◆ **AIM OF THE EXERCISE**: Give again the line that contains "4-Piece Set 35-5799", plus every line after it to the end of the records, unchanged.

━━━━━ AVAILABLE DATA

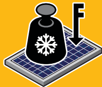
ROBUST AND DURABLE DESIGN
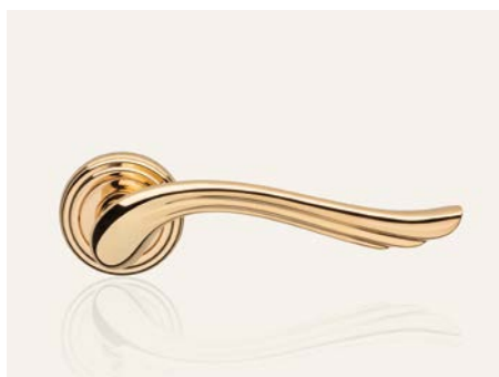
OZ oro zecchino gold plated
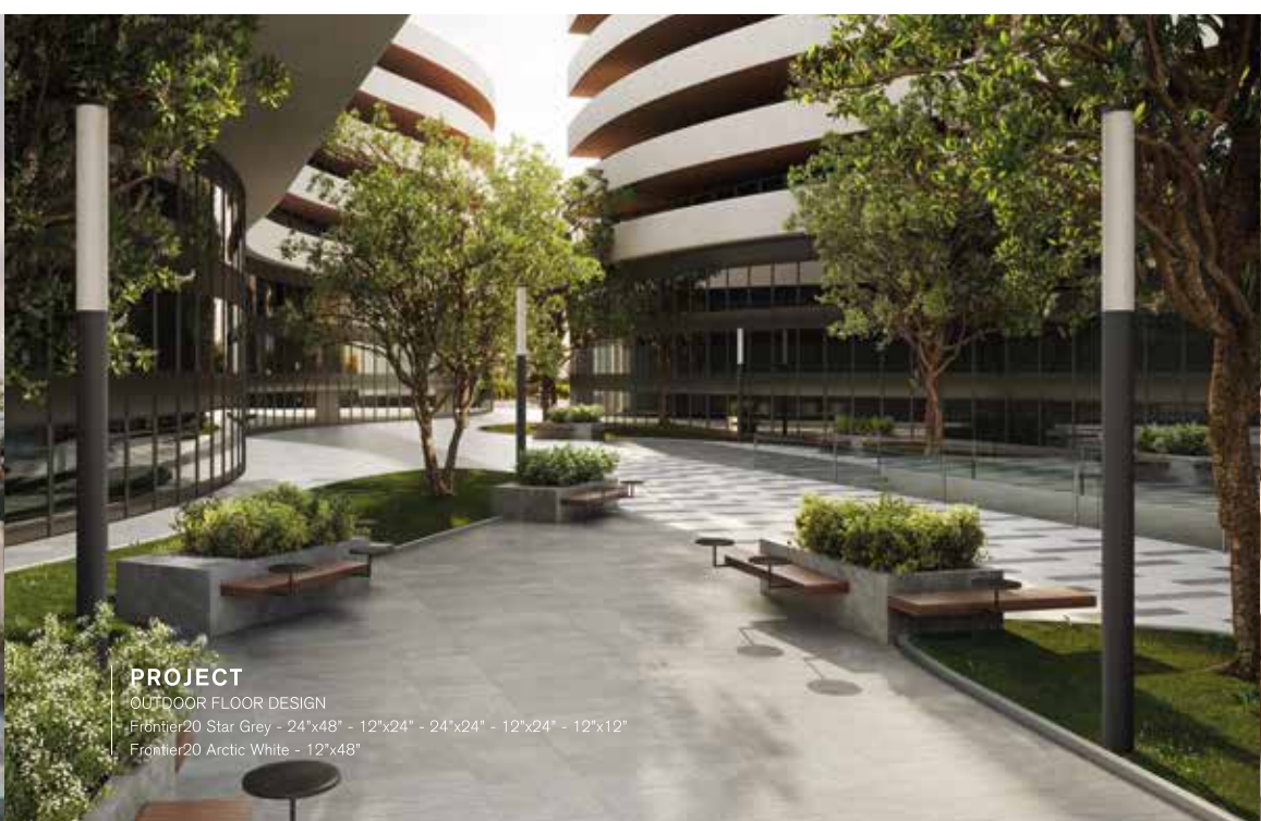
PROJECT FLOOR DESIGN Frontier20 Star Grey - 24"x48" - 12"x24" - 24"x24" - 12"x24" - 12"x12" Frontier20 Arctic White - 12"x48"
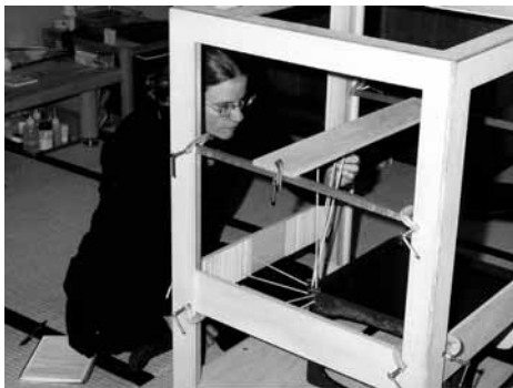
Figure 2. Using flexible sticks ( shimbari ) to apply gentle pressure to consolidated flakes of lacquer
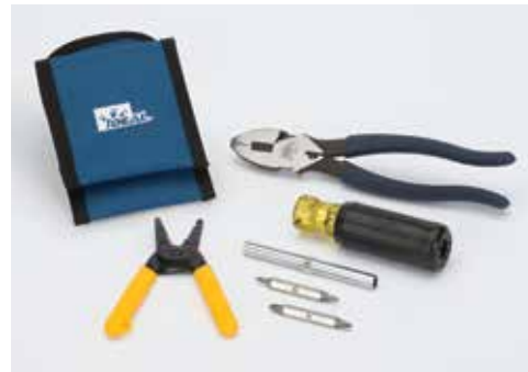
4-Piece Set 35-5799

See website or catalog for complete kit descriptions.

━━━━━━━━━━

◆ **ANSWER SPACE**:
4-Piece Set 35-5799

See website or catalog for complete kit descriptions.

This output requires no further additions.